In this work, Raman spectrum of YbB₂C₂ was detected by micro-Raman spectroscope, which showed peaks at 329, 359, 528, 626, 887, 942, 1173 and 1309 cm⁻¹. And according to the first-principles calculations, Raman active vibrational modes of YbB₂C₂ are observed as: A_1g at 627 and 1311 cm⁻¹, B_1g at 944 and 1172 cm⁻¹, B_2g at 330 and 885 cm⁻¹, E_g at 357 cm⁻¹ and 530 cm⁻¹, which agrees well with that detected by micro-Raman spectroscope. Then, the atomic displacements of vibrational modes of YbB₂C₂ were discussed in detail with the help of the first-principles calculations. Although these atomic displacements are different from each other, they can be generally summarized as ring breathing (δ_in) and ring deformation (δ_oop) of B₂C₂ layer.
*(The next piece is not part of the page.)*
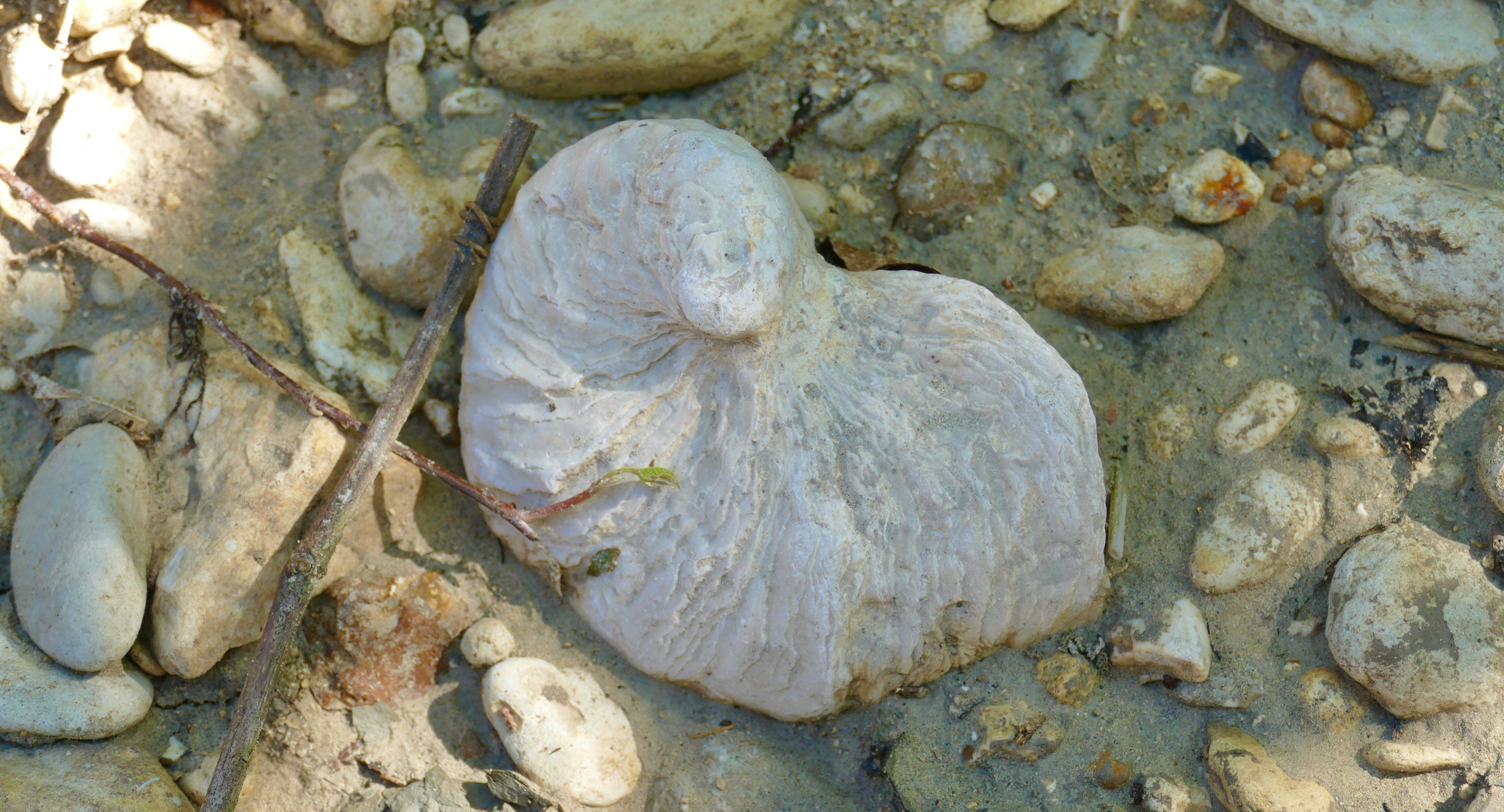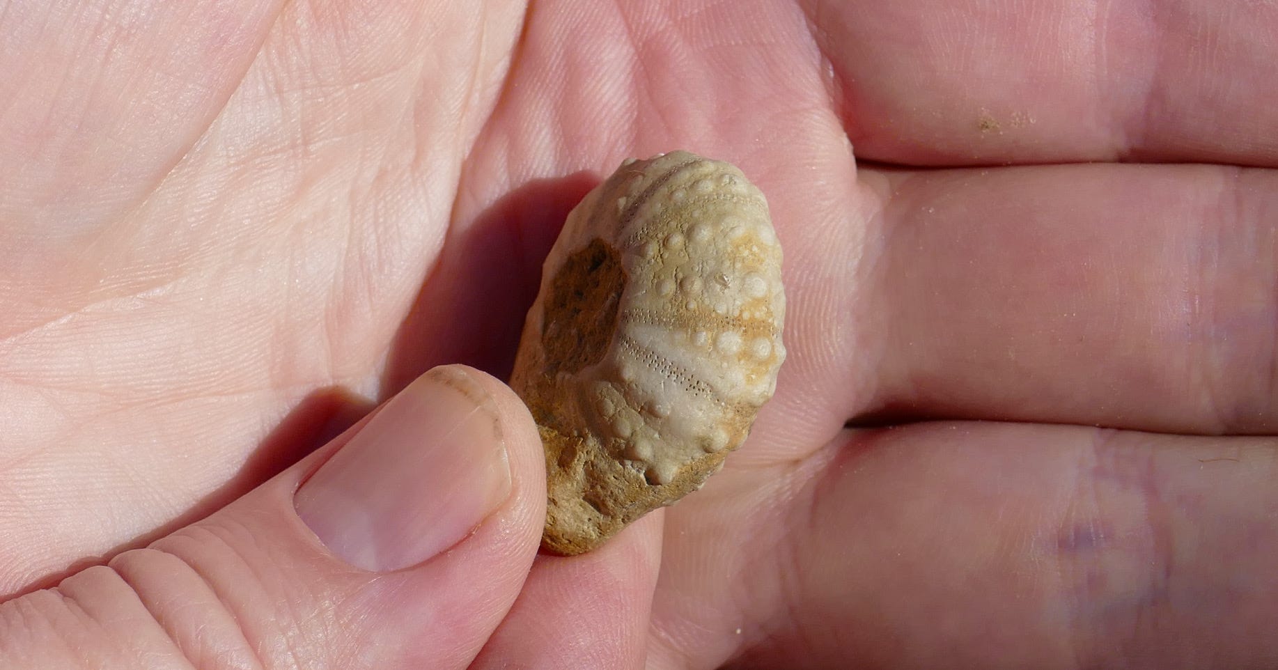 For me the most beautiful thing we found was maybe the smallest, a tiny echinoid from the Cretaceous sea that the professor spotted in the clear shallow water. It was only when I looked at the photos that I noticed the tiny holes through which it must have extended its tentacles.

The former group consists of A_1g, B_1g and B_2g modes, and the latter group refers to E_g mode. E_g at both 357 and 530 cm⁻¹ are doubly degenerate including (1) and (2) vibrational modes, the atomic displacements of which are similar, respectively. The study of YbB₂C₂ compound’s Raman spectroscopy and its corresponding vibrational modes is helpful to study the Raman spectra of other REB₂C₂ compounds and is also helpful to identify and characterize these compounds.